Session management
The OIDC session management 1.0 draft series defines a mechanism for a relying party (RP) to:
-
Get an OpenID provider (OP) to confirm whether an OIDC session is valid based on an ID token.
-
Terminate an end user session with the OP; for example, when the user signs out.
The process is transparent to the end user.
An RP uses a hidden <iframe> to get the session state from the OP and take action when the state changes.
PingOne Advanced Identity Cloud supports these drafts of the specification:
Each version uses different endpoints to achieve the same result.
Session management draft 10
Draft 10 does not specify any session-related endpoints. PingOne Advanced Identity Cloud’s implementation of Draft 10 depends on these endpoints:
- /oauth2/authorize
-
Retrieve session state.
- /json/sessions
-
Terminate an end user session.
Draft 10 flow
To check session state, create an <iframe> in your RP
whose src attribute targets the /oauth2/authorize endpoint with the required parameters.
The user-agent sends the tenant session cookie with the request.

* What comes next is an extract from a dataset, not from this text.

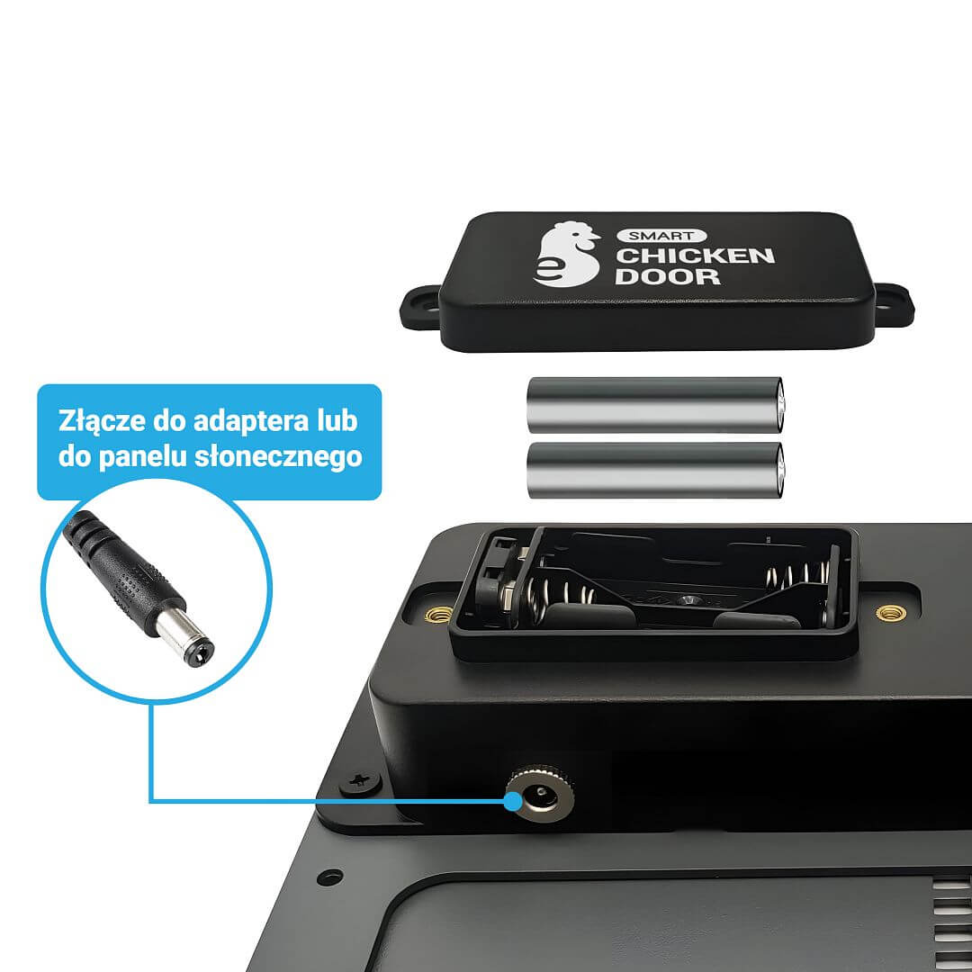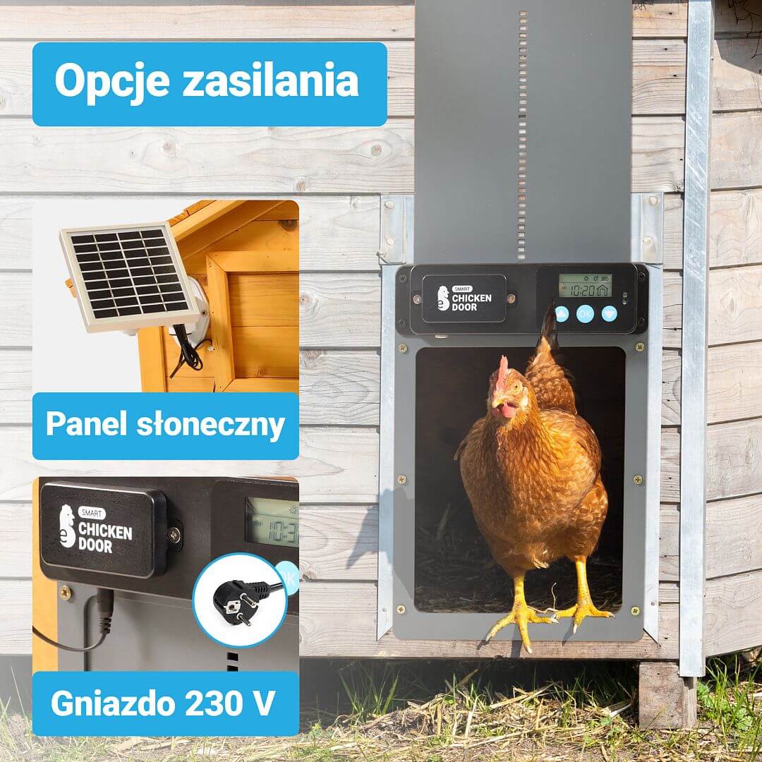 Zasilanie tej wersji automatycznych drzwi do kurnika zapewnia elektryzator 230 V. Drzwi mogą być również zasilane dwiema bateriami AA (niedołączonymi do tej wersji) lub panelem słonecznym (niedołączonym do tej wersji).

For example, a public client RP called myClient uses the following <iframe src> URL to request session state:
https://<tenant-env-fqdn>/am/oauth2/realms/root/realms/alpha/authorize \
?client_id=myClient \
&response_type=none \
&id_token_hint=<id-token> \
&redirect_uri=https://www.example.com:443/callback \
&prompt=noneThe query string parameters include these settings:
prompt=none-
Do not display user interaction pages to the end user.
id_token_hint=<id-token>-
The ID token to validate against the end user’s session.
response_type=none-
Do not issue a token in the response.
The following table lists the responses:
| PingOne Advanced Identity Cloud responses | Request with redirect_uri |
Request without redirect_uri |
|---|---|---|
Valid session |
Redirect to |
Return HTTP 204 No Content. |
Invalid session |
Redirect to |
Return HTTP 400 Bad Request and redirect to a page that displays a message such as
|
The RP’s <iframe> and the redirect_uri page must process any errors;
for example, by redirecting the end user to sign in.
Enable draft 10 support
To enable draft 10 support for a realm, configure the OAuth 2.0 provider:
-
Under Native Consoles > Access Management, go to Realms > Realm Name > Services > OAuth2 Provider.
-
Switch to the Advanced tab and add
none|org.forgerock.oauth2.core.NoneResponseTypeHandlerto the Response Type Plugins settings. -
Save your changes.
To enable draft 10 support in the RP client profile:
-
In the Advanced Identity Cloud admin UI, go to Applications > Client ID > Sign On > General Settings > Show advanced settings.
-
In Access > Response Types, add
none. -
Save your changes.
Session management draft 05
Draft 05 defines two endpoints for session management. These endpoints are no longer present in draft 10:
- /oauth2/connect/checkSession
-
Retrieve session state.
- /oauth2/connect/endSession
-
Terminate an end user session and redirect to a post-logout page.
Enable draft 05 support
The /oauth2/connect/checkSession endpoint serves as the check_session_iframe URL.
To enable draft 05 support in the RP client profile:
-
In the Advanced Identity Cloud admin UI, go to Applications > Client ID > Sign On > General Settings > Show advanced settings.
-
In Session Management > Client Session URI, add the URL the RP uses as the
<iframe src>URL. -
Save your work.
Disable session management
By default, the PingOne Advanced Identity Cloud OP supports draft 05 without additional configuration.
To disable session management support for a realm, configure the OAuth 2.0 provider:
-
Under Native Consoles > Access Management, go to Realms > Realm Name > Services > OAuth2 Provider > Advanced OpenID Connect.
-
Clear Enable Session Management.
-
Save your changes.
This also disables backchannel logout.